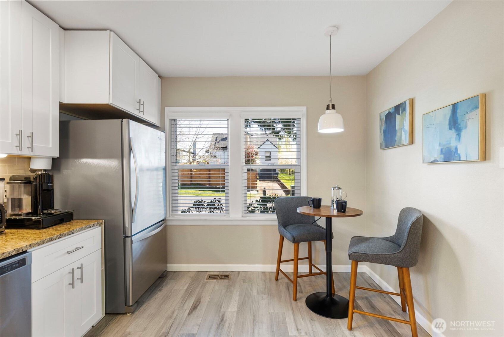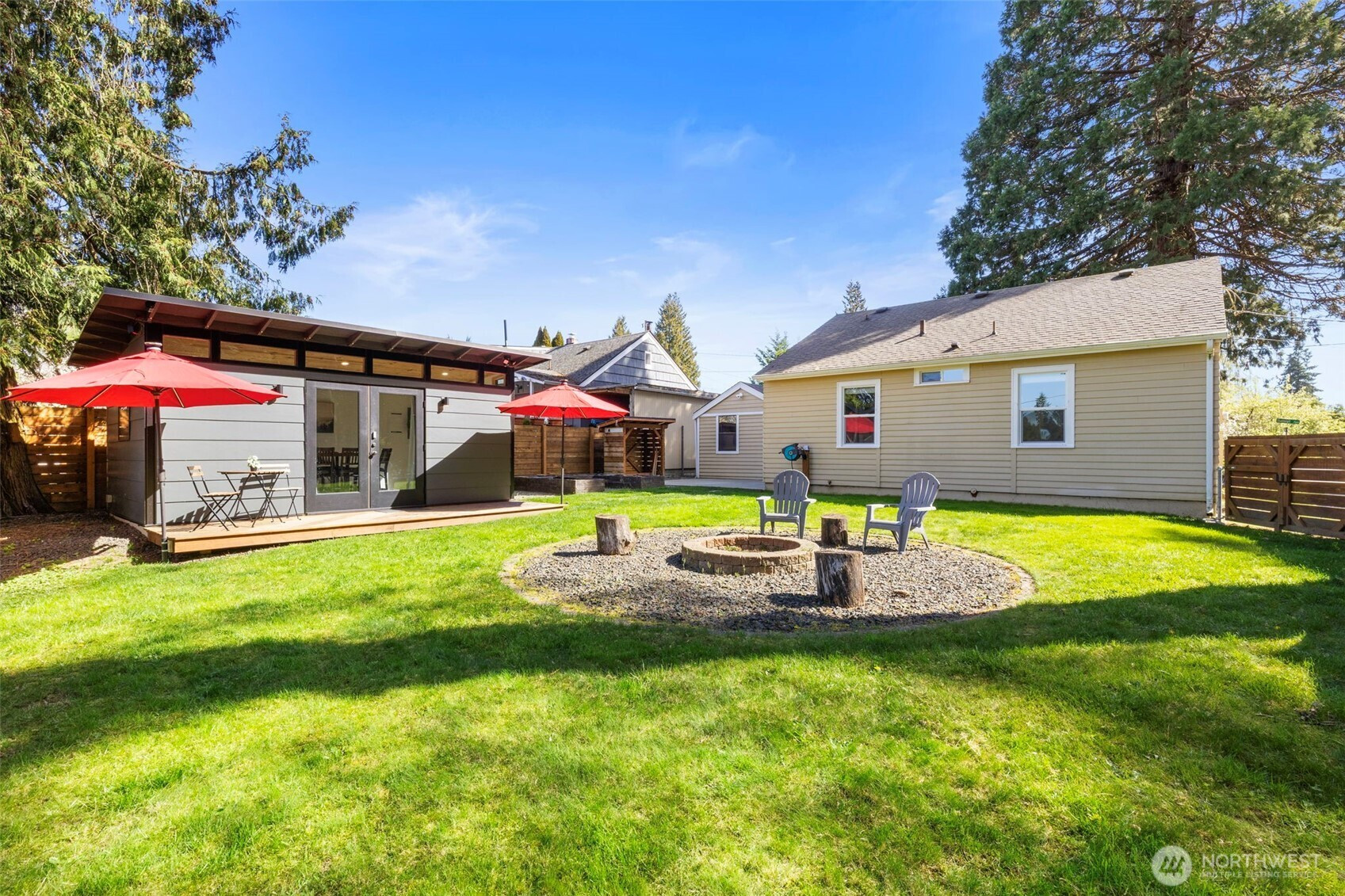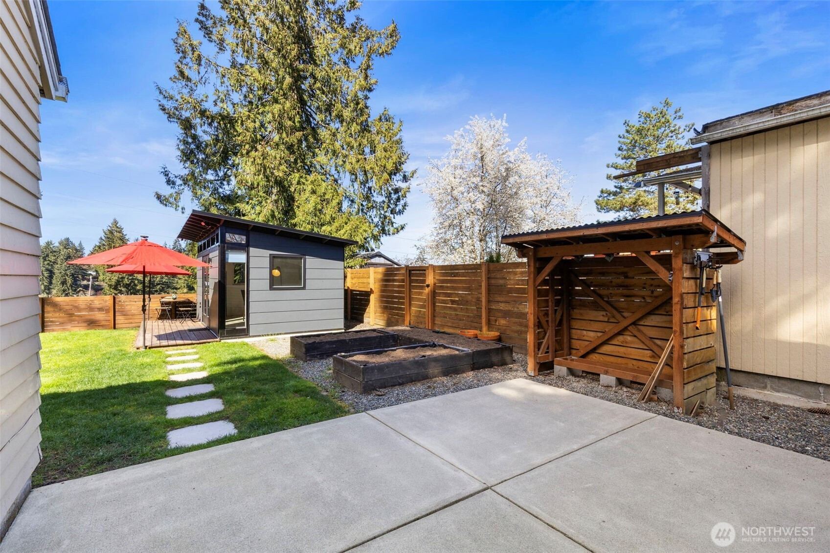 Charming 2-bedroom, 1 bath Bremerton home! This efficiently designed 832 sqft home is the perfect blend of modern updates and old-world charm. With a spacious living area, bright and open kitchen with tile floors, granite counters and stainless steel appliances. Primary bedroom with two closets, guest bedroom, full bathroom and utility room. Step outside to the fully fenced and private backyard oasis. Featuring raised garden beds, patio, firepit with firewood storage and a versatile detached 10x18 finished bonus space. Perfect for a studio or gym. Plus, a one car garage and driveway parking! Located on a spacious corner lot next to Forest Ridge Park. Great location just minutes to shopping, dining, Navy bases and Bremerton Ferry for an easy commute.
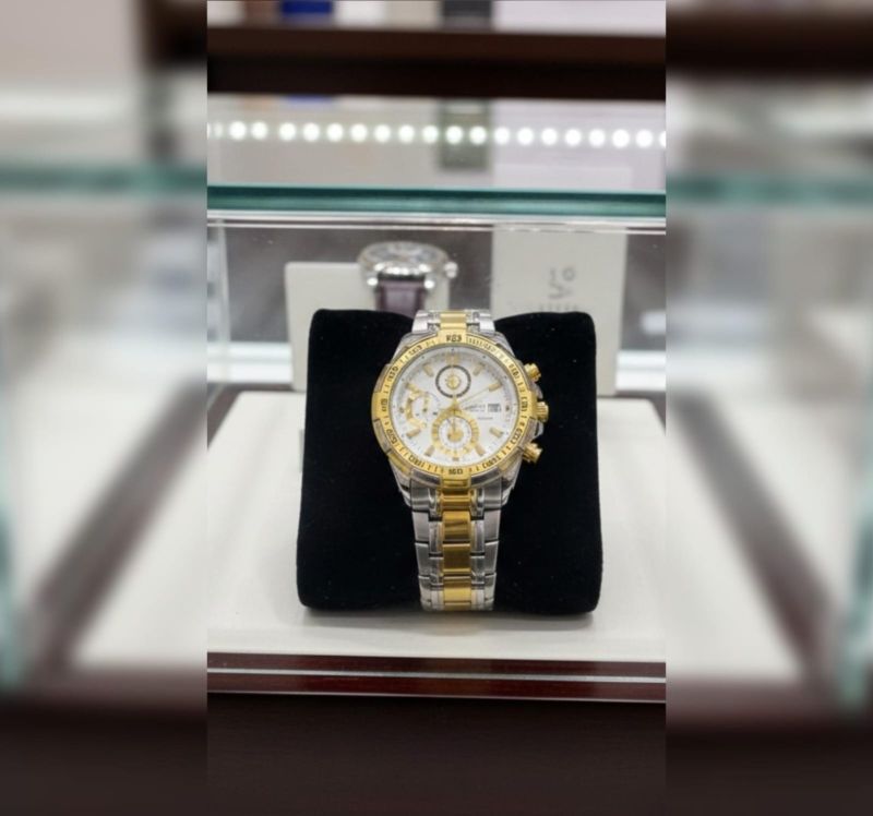 Two-Tone Finish: It uses a classic combination of stainless steel and gold-toned plating on the bezel and the center links of the bracelet.
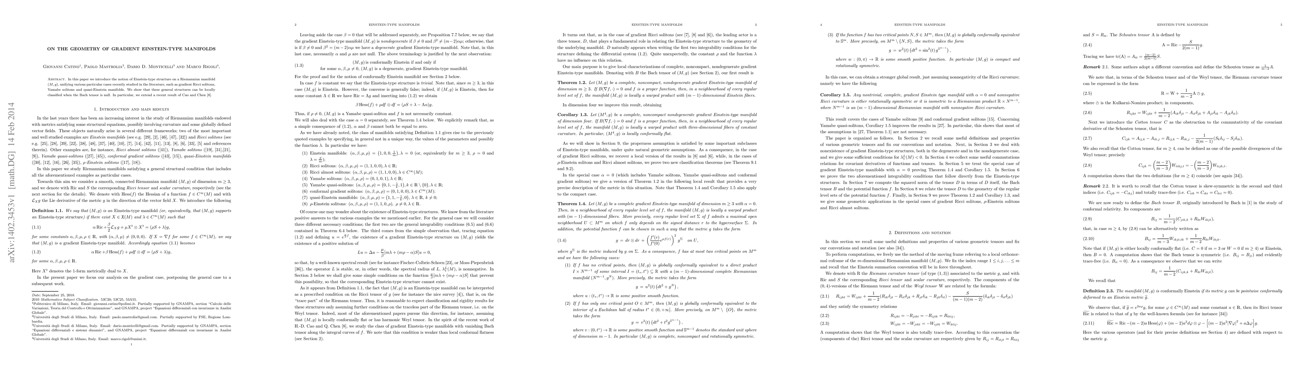 This paper introduces the concept of Einstein-type structure on Riemannian manifolds, encompassing gradient Ricci solitons, Yamabe solitons, and quasi-Einstein manifolds. It demonstrates local classification of these structures when the Bach tensor is null, extending a result by Cao and Chen.
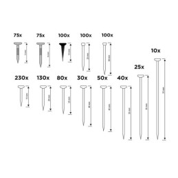 O conjunto inclui pregos com designs planos e sem cabeça, proporcionando flexibilidade para diferentes necessidades de fixação. O sortimento é alojado em uma caixa de plástico transparente e durável com compartimentos individuais, garantindo armazenamento organizado e acesso rápido ao tamanho certo quando necessário. Projetados para durabilidade e resistência, esses pregos são perfeitos para tarefas que vão desde simples reparos domésticos até projetos maiores de marcenaria.

**Exercise prompt:** The entire listing above, word for word and without pictures, is what should be output.

**Final answer:**
 Charming 2-bedroom, 1 bath Bremerton home! This efficiently designed 832 sqft home is the perfect blend of modern updates and old-world charm. With a spacious living area, bright and open kitchen with tile floors, granite counters and stainless steel appliances. Primary bedroom with two closets, guest bedroom, full bathroom and utility room. Step outside to the fully fenced and private backyard oasis. Featuring raised garden beds, patio, firepit with firewood storage and a versatile detached 10x18 finished bonus space. Perfect for a studio or gym. Plus, a one car garage and driveway parking! Located on a spacious corner lot next to Forest Ridge Park. Great location just minutes to shopping, dining, Navy bases and Bremerton Ferry for an easy commute.
 Two-Tone Finish: It uses a classic combination of stainless steel and gold-toned plating on the bezel and the center links of the bracelet.
 This paper introduces the concept of Einstein-type structure on Riemannian manifolds, encompassing gradient Ricci solitons, Yamabe solitons, and quasi-Einstein manifolds. It demonstrates local classification of these structures when the Bach tensor is null, extending a result by Cao and Chen.
 O conjunto inclui pregos com designs planos e sem cabeça, proporcionando flexibilidade para diferentes necessidades de fixação. O sortimento é alojado em uma caixa de plástico transparente e durável com compartimentos individuais, garantindo armazenamento organizado e acesso rápido ao tamanho certo quando necessário. Projetados para durabilidade e resistência, esses pregos são perfeitos para tarefas que vão desde simples reparos domésticos até projetos maiores de marcenaria.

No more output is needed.